For a nested for loop, can the case of unknown number of loops be as fast as the case of known number of loops?
Here are some old answers: variable nested for loops
Is BugMeNot2013's answer as fast as possible?

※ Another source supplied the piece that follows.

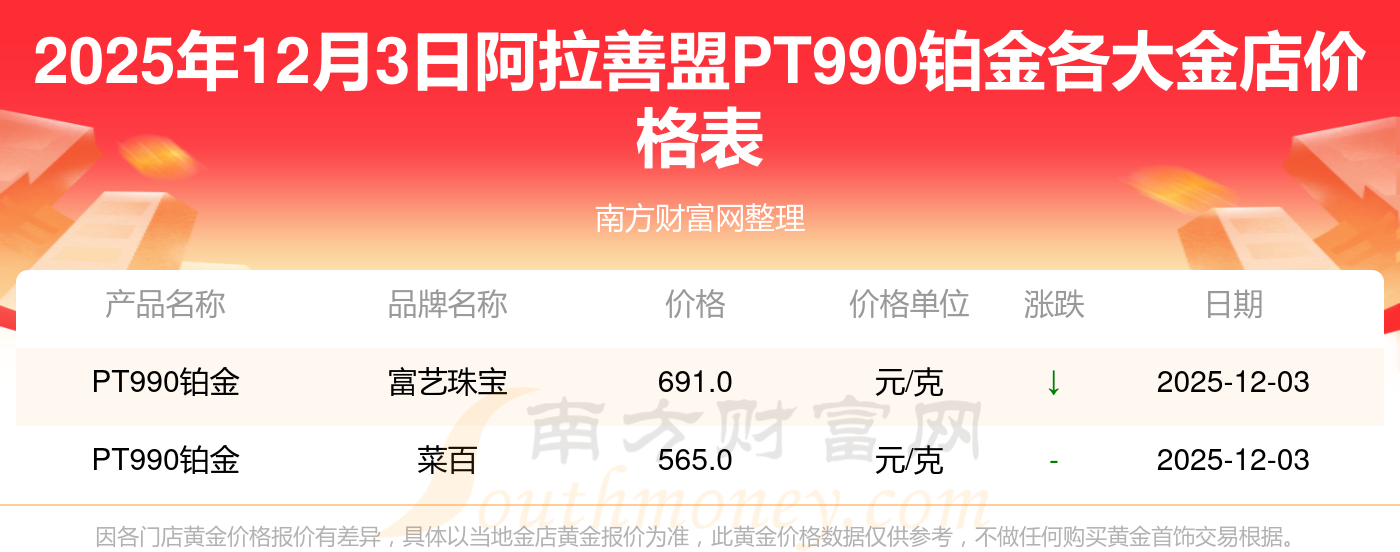 二、阿拉善盟各金店P(guān)T990鉑金價(jià)格匯總
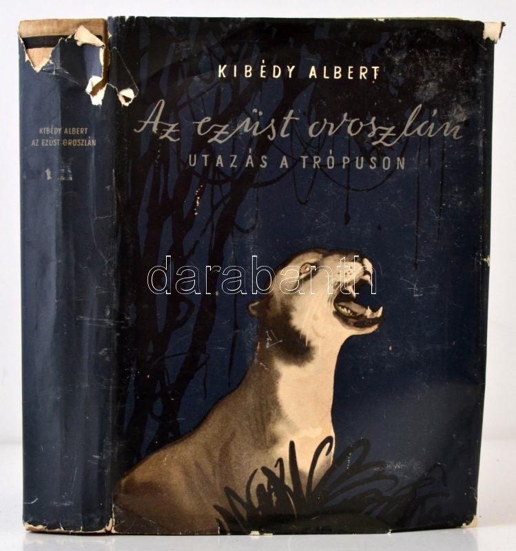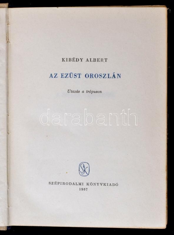 Kibédy Albert: Az ezüst oroszlán. Utazás a trópuson. Budapest, 1957, Szépirodalmi Könyvkiadó. Kiadói egészvászon szakadozott kiadói papírborítóban, 467 p. A papírborítója szakadozott. A könyvben egy meglazult a 113-144 p. között. A lapélek foltosak.

Here are my attempts. https://godbolt.org/g/W4KSlC
code:
#include <iostream>
inline void loop(int depth, int max_depth,
int* s, int* st, int* c, int* A){
//s = shape
//st = stride
//c = counter
if (depth != max_depth){
for(c[depth] = 0; c[depth] < s[depth]; ++c[depth]){
loop(depth+1, max_depth, s, st, c, A);
}
} else {
A[st[0]*c[0] + st[1]*c[1] + st[2]*c[2]]*=2;
}
}
int main(void){
int A[100];
int s[] = {2,5,10};
int st[] = {50,10,1};
int c[] = {0,0,0};
//Version 1.
for(c[0] = 0; c[0] < s[0]; ++c[0])
for(c[1] = 0; c[1] < s[1]; ++c[1])
for(c[2] = 0; c[2] < s[2]; ++c[2])
A[st[0]*c[0] + st[1]*c[1] + st[2]*c[2]]*=2;
//Version 2
//(this should be fastest)
int size = s[0]*s[1]*s[2];
for(int i = 0; i < size; ++i) A[i] *= 2;
//Version 3 (fail. so many function calls...)
loop(0, 2, s, st, c, A);
for(int i = 0; i < 100; ++i) std::cout << A[i];
}
GCC godbolt shows the recurive function loop makes lots of function calls.